While it is possible to set the system clock to be synchronous with TAI time, this may cause a number of issues, including:

  • UTC leap second corrections mistakenly being applied to the system clock as if it is UTC time

  • The timestamps in log messages being offset from UTC without any indication that said timestamps are not in UTC

  • Interoperability issues with kerberos <https://en.wikipedia.org/wiki/Kerberos_(protocol)> (krb5) ticket-granting tickets (TGT), which rely on timestamps in UTC. Rubin Observatory uses krb5 for system authz.
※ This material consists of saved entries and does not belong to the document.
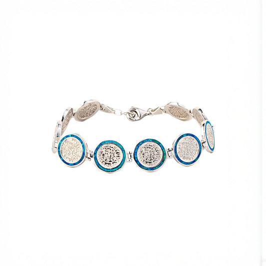 Sterling Silver Phaistos Disc Bracelet: Blue Opal Ancient Greek Jewelry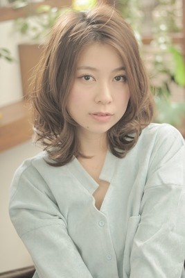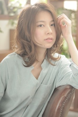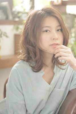 アウトラインを外ハネに巻きトップをウェーブで巻くことでメリハリのある可愛いハニーヘアに!!前髪は長めで甘辛MIX♪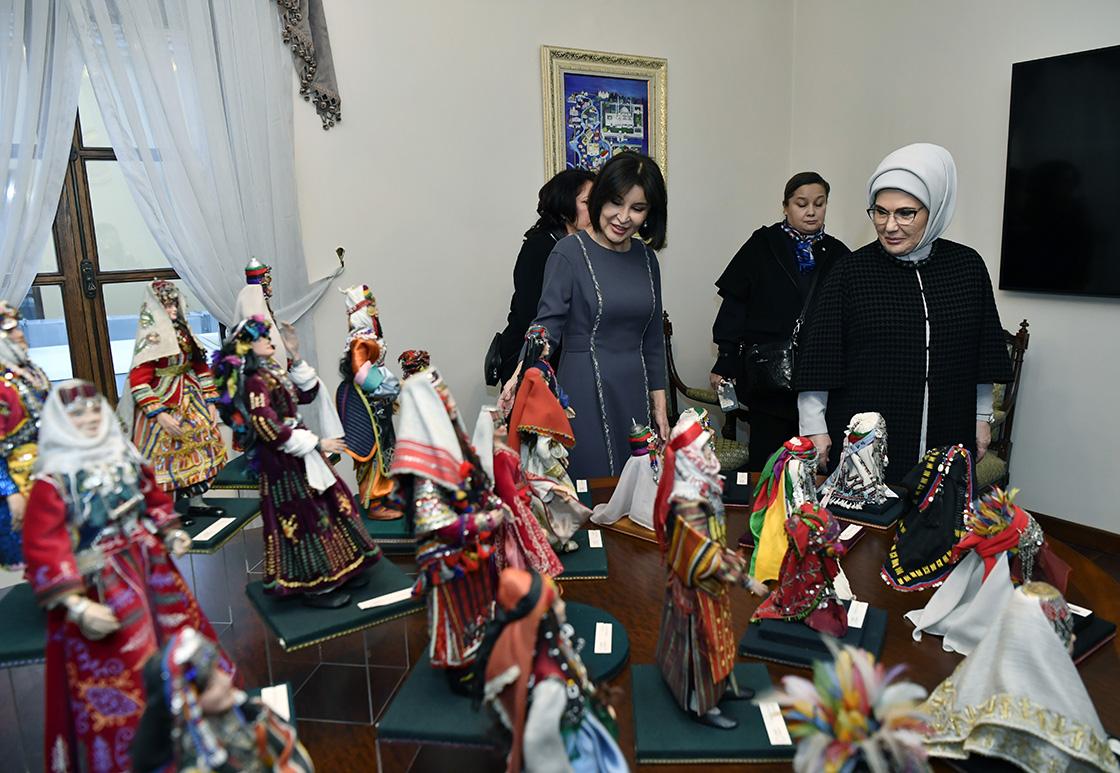 Lider eşleri Ankara Palas'ta, olgunlaşma enstitülerinde üretilen kitre bebek, çini ve seramik ürünler ile Türk işi, sırma, hesap işi ve beyaz iş gibi nakış teknikleriyle hazırlanan ürünlerin sergilendiği bölümü de ziyaret ederek, çalışmalar hakkında bilgi aldı.

  • Interoperability issues with x509 <https://en.wikipedia.org/wiki/X.509> certificates, which use UTC timestamnp to establish a validity period. Rubin Observatory uses some management tooling such as puppet which, which is dependent upon x509 certs.

2 Leap Seconds

Earth’s rotational period is not exactly 86400 seconds, which causes the time of day to gradually slip earlier. To compensate for this an extra second is periodically added (or subtracted) from from UTC to keep the delta between UTC and UT1 under 1 second.
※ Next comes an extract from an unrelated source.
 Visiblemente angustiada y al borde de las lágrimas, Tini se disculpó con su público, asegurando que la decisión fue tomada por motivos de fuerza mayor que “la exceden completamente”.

However, leap seconds may cause the clock to behave in ways that many applications don’t expect. One such quirk is that days that have a leap second have a minute that either 59 or 61 seconds long. One possible issue is the expectation that timestamps “seconds” are in the range 00-59. E.g.:

::

$ TZ=right/UTC date -d ‘Dec 31 2008 23:59:60’ Wed Dec 31 23:59:60 UTC 2008

As leap seconds are a relatively infrequent event, and likely due to low developer awareness, leap second handling problems in applications are often unknown/undetected. In order to avoid triggering latent software bugs, it has become reasonably common to smear/spread/slew the leap second across a larger time period. Typically, this is a day and over the course of that day each “clock second” is slight more or less than an SI second. This avoids ever having a timestamp of 23:59:60 or skipping over second 23:59:59 and avoids sudden clock shifts. However, this strategy inherently relies on intentionally making the system clock subtly inaccurate.
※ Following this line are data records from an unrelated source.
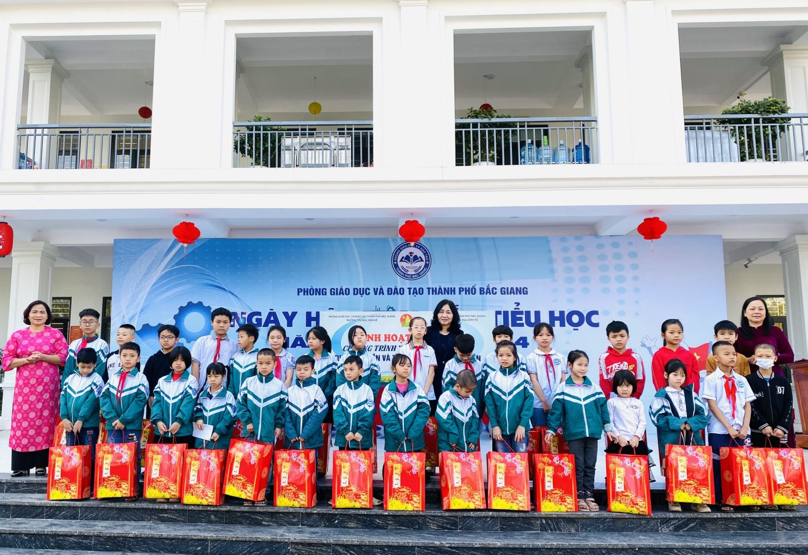 Trường Tiểu học Lê Lợi - Thành phố Bắc Giang, tổ chức chương trình Xuân ấm áp - Tết yêu thương, tặng quà cho học sinh có hoàn cảnh khó khăn nhân dịp Tết Giáp Thìn.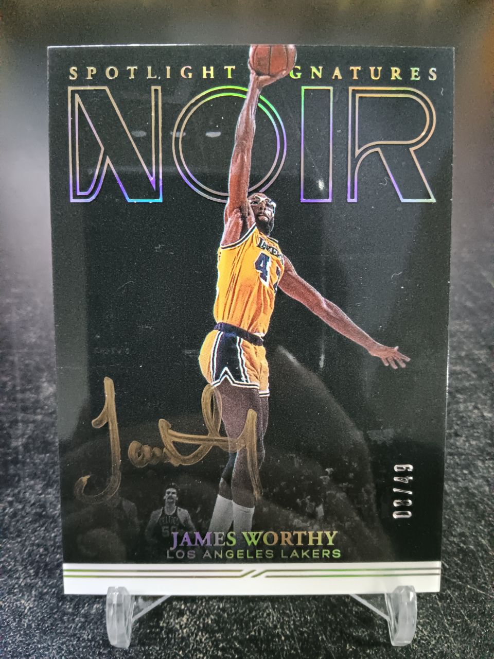 【浩行拍卖 截标预付82%】2020-21 panini noir James Worthy 湖人 詹姆斯 沃西 金平行 镜面 聚光灯 签字 卡签 金笔签 8/49编 带卡夹和膜 瑕疵看图「龙兴555」0614A02牟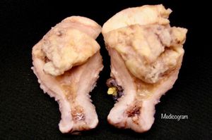 “Uterus with large carcinosarcoma which fills the uterine cavity and invades superficially into the myometrium”. •Now what is Carcinosarcoma ? Carcinosarcoma is a malignant tumour composed of carcinoma(Epithelial cancer) and sarcoma (cancer of connective tissues) extensively intermixed.These tumours are also called “Malignant Mixed Mullerian Tumours”. They typically arise within the endometrial cavity but, in rare cases, they may arise in the cervix. •Risk factors: Risk factors for the development of carcinosarcoma are similar to those of endometrial carcinoma and include nulliparity, advanced age, obesity, exposure to exogenous estrogens, and long-term use of tamoxifen. •Treatment: To date, no national consensus guidelines have been established for the management of uterine carcinosarcomas but the following methods are considered to take effect upto some extent: 1. Radiotherapy. 2. Chemotherapy. 3. Treating the patient with certain anti-cancerous drugs. If the above treatment options fail to work then the uterus is totally removed surgically, Called Hysterectomy.

3 CLOCK_TAI: The short story

  1. Linux calculates all kernel clocks by reading CLOCK_MONOTONIC and adding offsets. There is only one actual clock; all others are synthetic.

  2. By default Linux sets CLOCK_TAI to match CLOCK_REALTIME on boot.

  3. Applying the correct UTC/TAI offset to CLOCK_TAI must be done with an application like ntpd, chrony, or linuxptp.

  4. CLOCK_TAI pushes the responsibility of dealing with leap seconds, leap second smearing, and other time offset issues into the Linux kernel and time synchronization daemons.

  5. It is extremely difficult to timestamp events with precision in the domain of 50ns-5us because Linux does not provide realtime guarantees.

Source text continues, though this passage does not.